TensorFlow™ Native Compilation Guide
Introduction
This guide will explain how to set up your machine to run the SYCL™ version of TensorFlow™ using ComputeCpp. This guide describes how to build and run TensorFlow 1.9 natively on any device supporting SPIR or SPIR-V. For cross-compiling please read our other guide.
Configuration management
These instructions relate to the following configuration:
Host platform | Ubuntu 16.04, x86_64 architecture (more recent versions of Ubuntu, or other Linux distributions, may work but are not supported) |
GPU | AMD R9 Nano Fury Intel Gen9 HD Graphics |
TensorFlow | master |
ComputeCpp | Latest |
Python | 3.5 (more recent versions of Python may work but are not supported) |
Notes:
- For older or newer versions of TensorFlow, please contact Codeplay for build documentation.
- If you are interested in the latest features you may try our experimental branch.
- OpenCL devices other than those listed above may work, but Codeplay does not support them at this time.
- It is strongly recommended to make sure you have a working OpenCL installation before building TensorFlow, see here.
- It is strongly recommended to test your ComputeCpp installation using the Eigen tests before building TensorFlow.
Install an OpenCL driver
Install an OpenCL driver supporting SPIR or SPIR-V depending on your hardware.
Driver amdgpu-pro version 17.50-511655
wget --referer http://support.amd.com/ https://www2.ati.com/drivers/linux/ubuntu/amdgpu-pro-17.50-511655.tar.xz
tar xf amdgpu-pro-17.50-511655.tar.xz
./amdgpu-pro-17.50-511655/amdgpu-pro-install --opencl=legacy --headless
These options install the driver for compute only, look at the driver documentation if you want to use this driver for graphics too. This version is required as more recent versions have not been verified to work, and may break OpenCL support for features such as SPIR.

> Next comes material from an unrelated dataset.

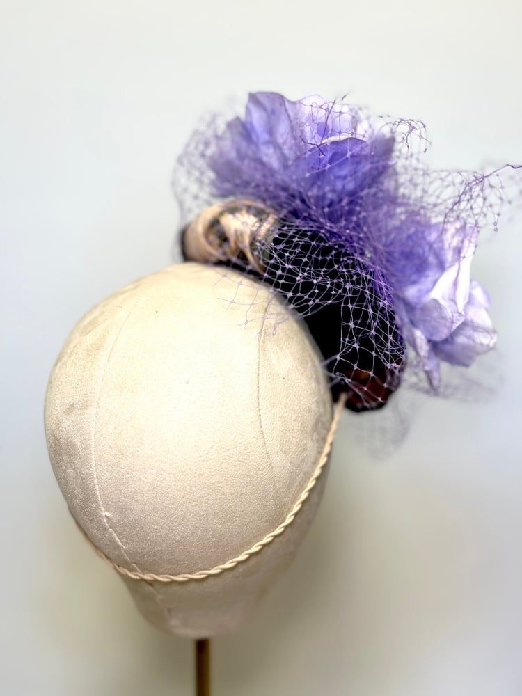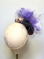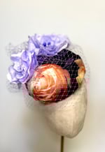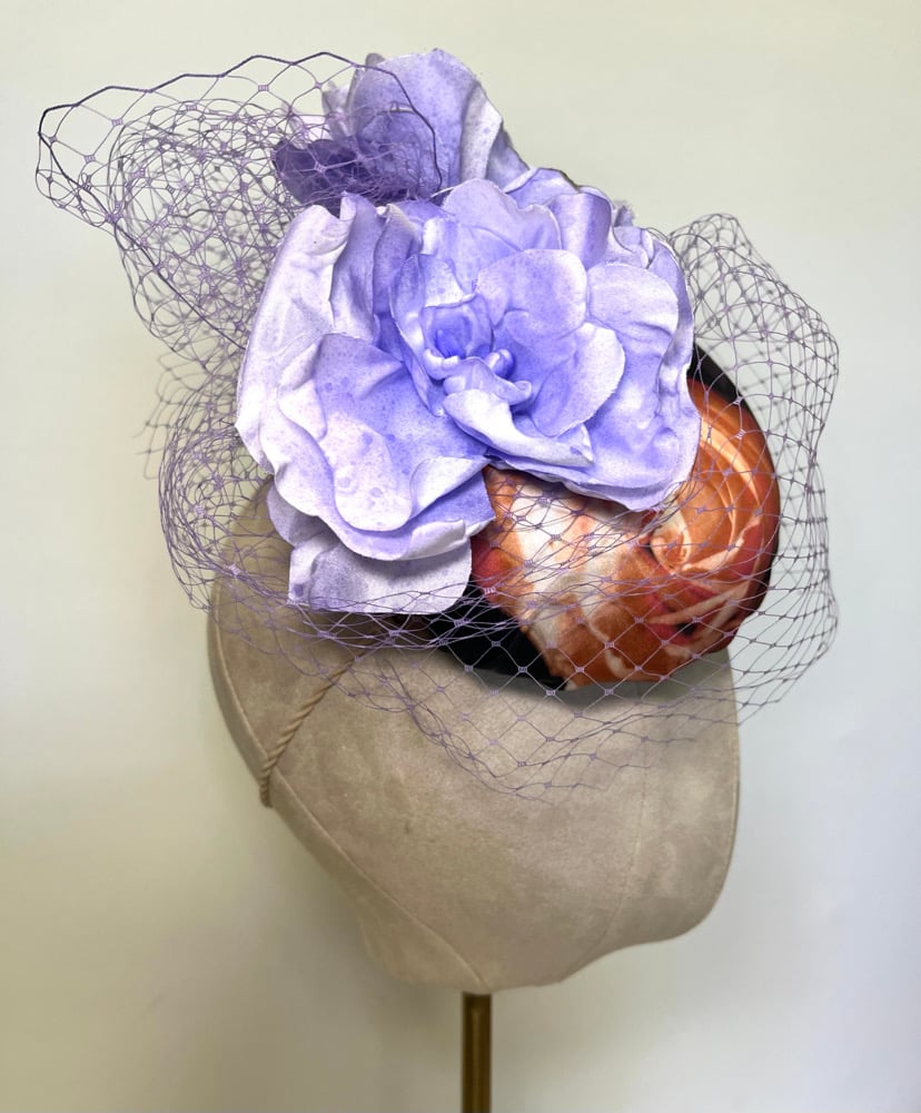 Floral fabric covered button headpiece, fully lined and trimmed with handmade flowers and veiling.
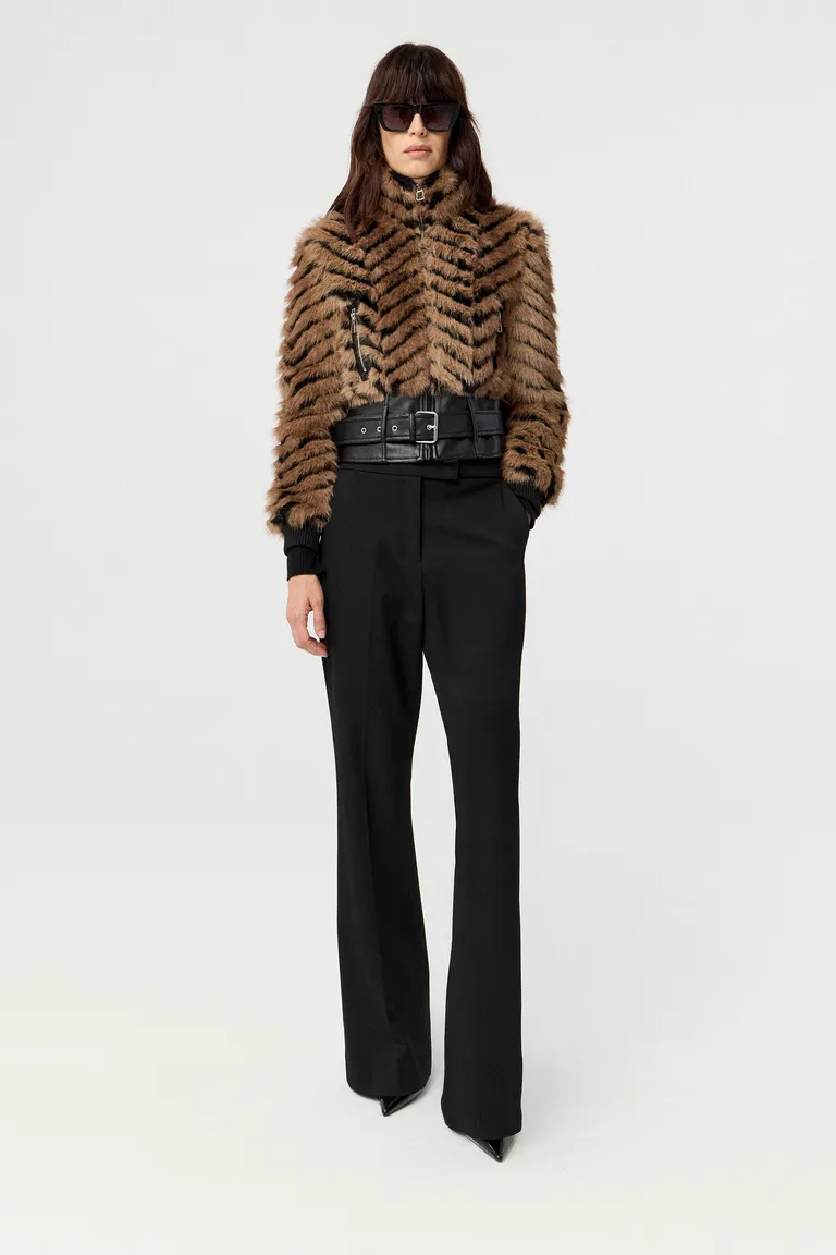 Chaqueta de textura combinada con cuello alto y cierre frontal. Diseño de silueta estructurada con cinturón integrado de hebilla metálica en la cintura. Una prenda versátil y sofisticada para completar outfits de invierno, ofreciendo un estilo moderno y distintivo para diversas ocasiones. Su corte favorecedor permite un calce cómodo y elegante en todo tipo de figuras.

Driver Intel NEO version 18.38.11535
This is the latest version tested. Newer versions of the driver may work but could have performance or correctness issues.
wget https://github.com/intel/compute-runtime/releases/download/18.38.11535/intel-opencl_18.38.11535_amd64.deb
sudo dpkg -i intel-opencl_18.38.11535_amd64.deb
Arm Mali driver
Please contact Arm to obtain an Arm Mali driver with support for OpenCL 1.2 with SPIR-V. Note that, as of the date of publication, the publicly released Arm Mali drivers available at https://developer.arm.com/products/software/mali-drivers/user-space do not correctly support SPIR-V.
Imagination PowerVR driver
Please contact Imagination to obtain a PowerVR driver with support for OpenCL 1.2 with SPIR.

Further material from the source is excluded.